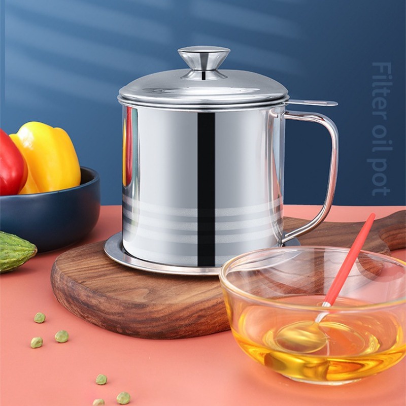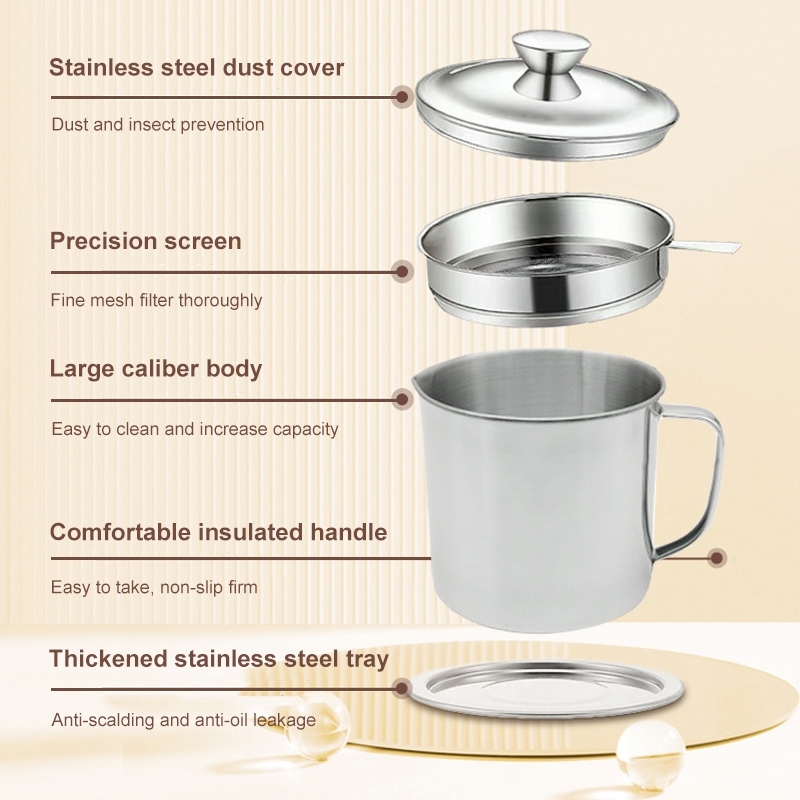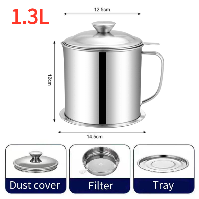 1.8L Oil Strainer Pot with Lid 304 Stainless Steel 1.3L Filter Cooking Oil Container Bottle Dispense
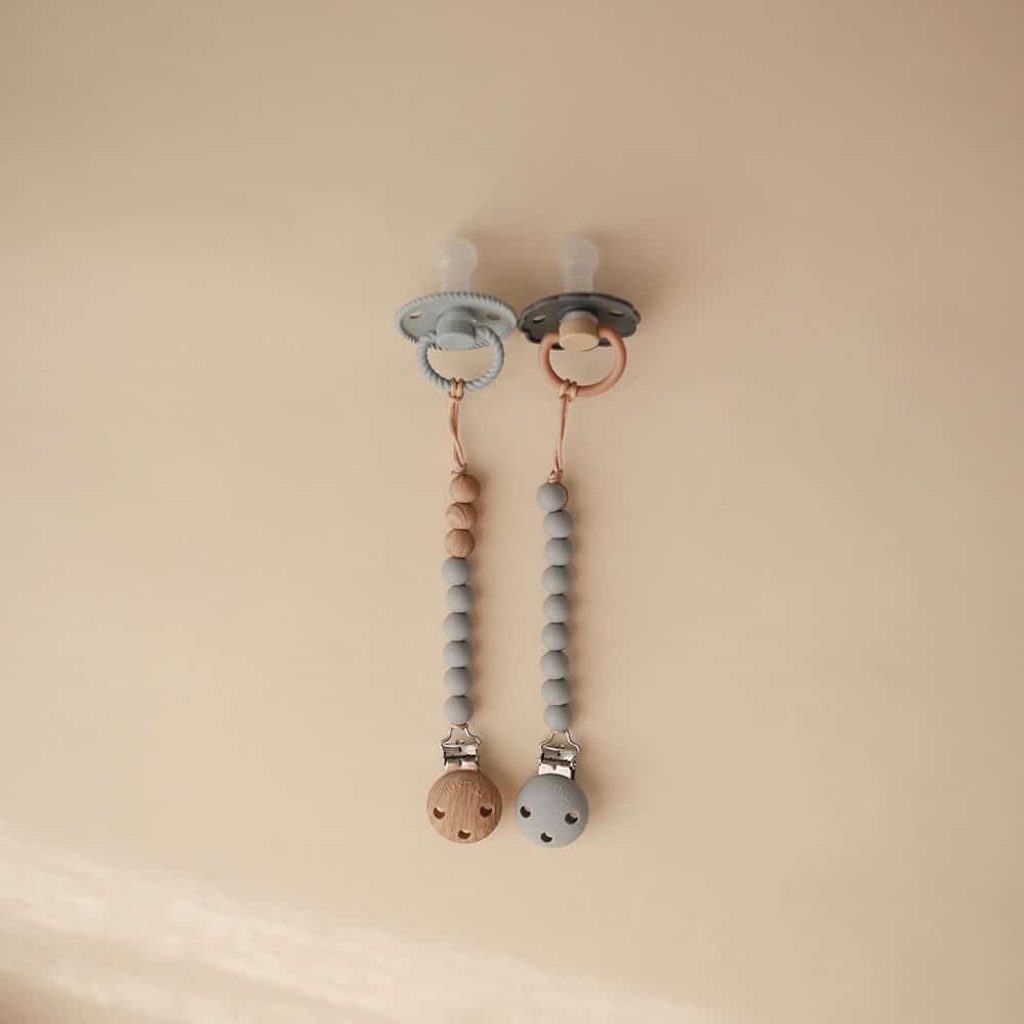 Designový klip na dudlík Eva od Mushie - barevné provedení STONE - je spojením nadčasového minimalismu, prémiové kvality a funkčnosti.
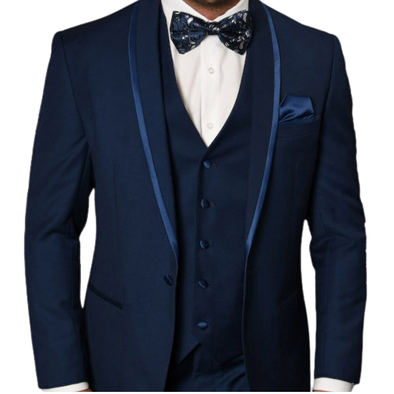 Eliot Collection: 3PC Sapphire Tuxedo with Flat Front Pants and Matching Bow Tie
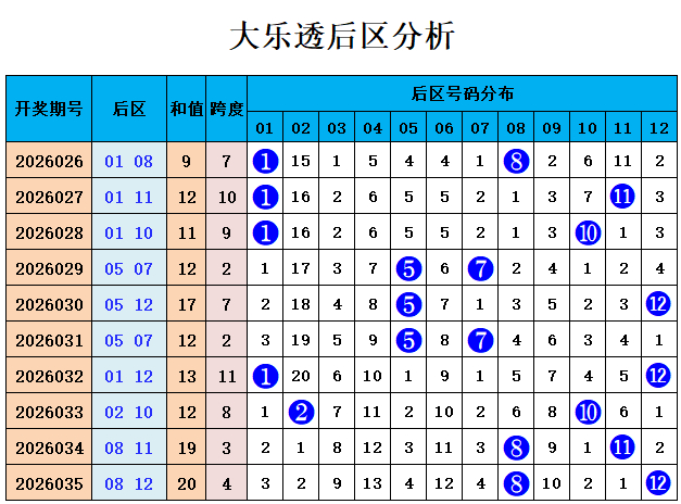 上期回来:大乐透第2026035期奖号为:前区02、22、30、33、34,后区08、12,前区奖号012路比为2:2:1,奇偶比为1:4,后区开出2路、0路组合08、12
==
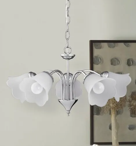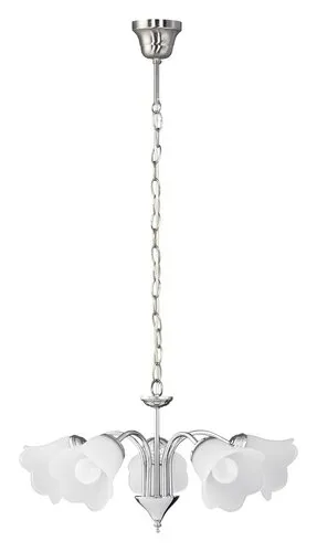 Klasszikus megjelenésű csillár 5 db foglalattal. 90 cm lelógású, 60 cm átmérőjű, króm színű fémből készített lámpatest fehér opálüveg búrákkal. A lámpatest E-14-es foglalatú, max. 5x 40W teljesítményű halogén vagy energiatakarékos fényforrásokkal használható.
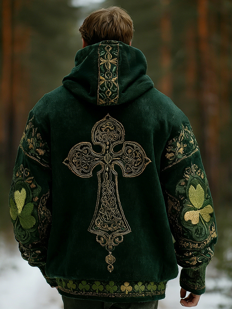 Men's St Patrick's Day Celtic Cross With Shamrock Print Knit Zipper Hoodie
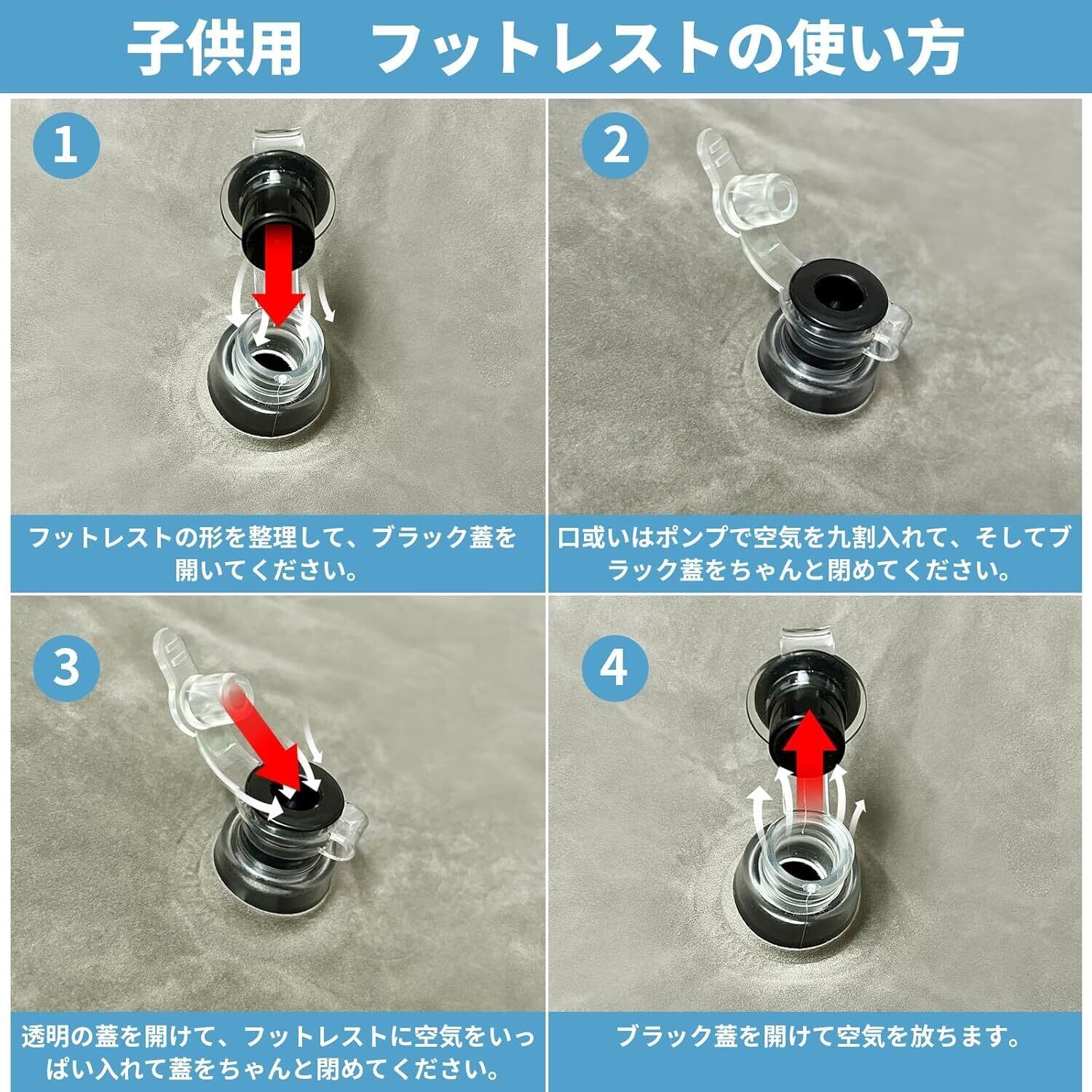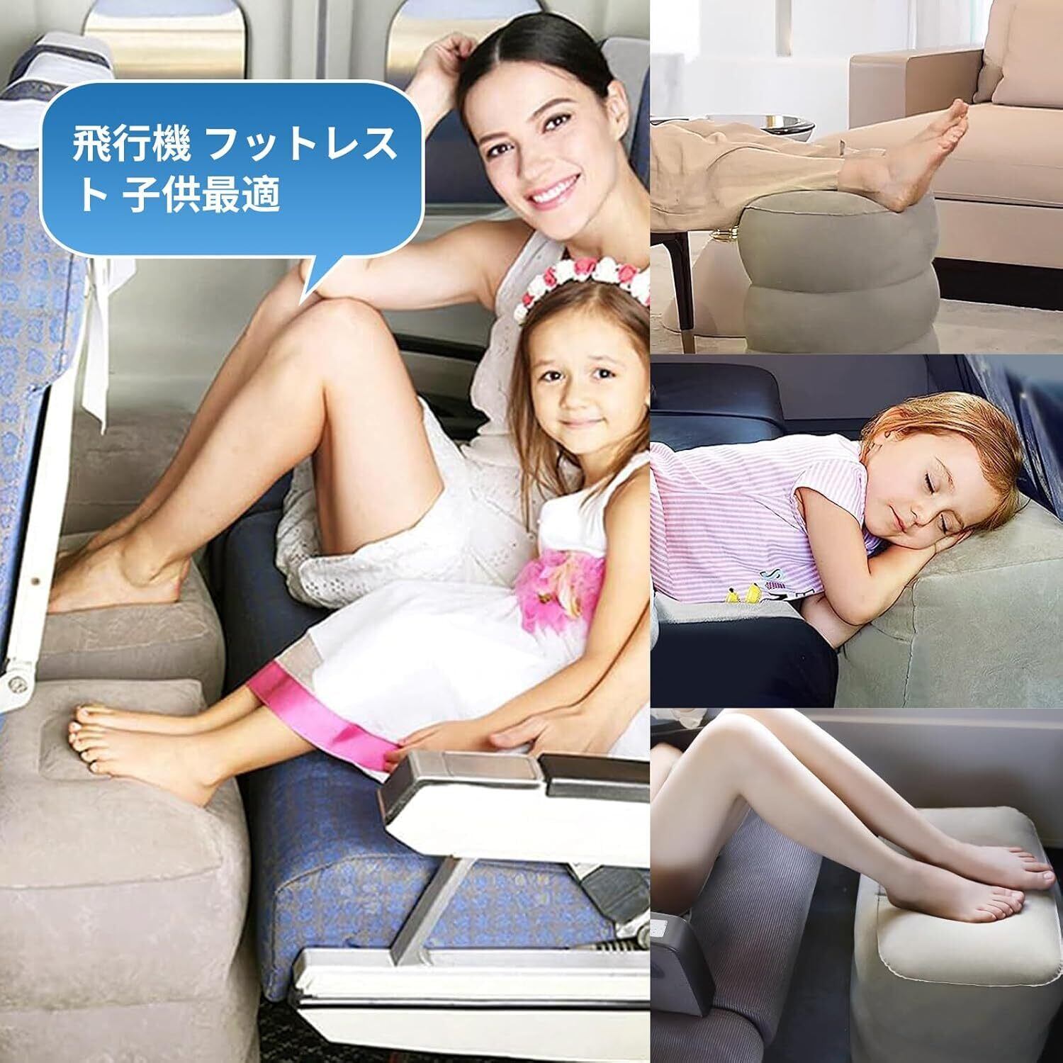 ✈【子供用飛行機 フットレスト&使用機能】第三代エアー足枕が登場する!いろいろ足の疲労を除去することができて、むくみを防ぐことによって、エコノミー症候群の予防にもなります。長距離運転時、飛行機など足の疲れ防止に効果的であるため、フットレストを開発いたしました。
---
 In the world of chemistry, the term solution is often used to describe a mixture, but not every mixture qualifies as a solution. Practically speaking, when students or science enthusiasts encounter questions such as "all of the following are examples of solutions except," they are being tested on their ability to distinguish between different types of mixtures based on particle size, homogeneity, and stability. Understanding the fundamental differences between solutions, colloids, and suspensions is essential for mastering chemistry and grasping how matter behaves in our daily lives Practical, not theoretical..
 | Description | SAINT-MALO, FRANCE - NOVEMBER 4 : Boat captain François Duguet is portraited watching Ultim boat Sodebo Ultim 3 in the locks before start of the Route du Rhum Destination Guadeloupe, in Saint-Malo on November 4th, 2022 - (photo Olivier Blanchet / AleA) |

[EXERCISE DESCRIPTION]:
With the pictures left out, write out exactly the lines above from the one containing "Eliot Collection: 3PC" through the one containing "上期回来:大乐透第20260".

[WRITTEN SOLUTION]:
 Eliot Collection: 3PC Sapphire Tuxedo with Flat Front Pants and Matching Bow Tie
 上期回来:大乐透第2026035期奖号为:前区02、22、30、33、34,后区08、12,前区奖号012路比为2:2:1,奇偶比为1:4,后区开出2路、0路组合08、12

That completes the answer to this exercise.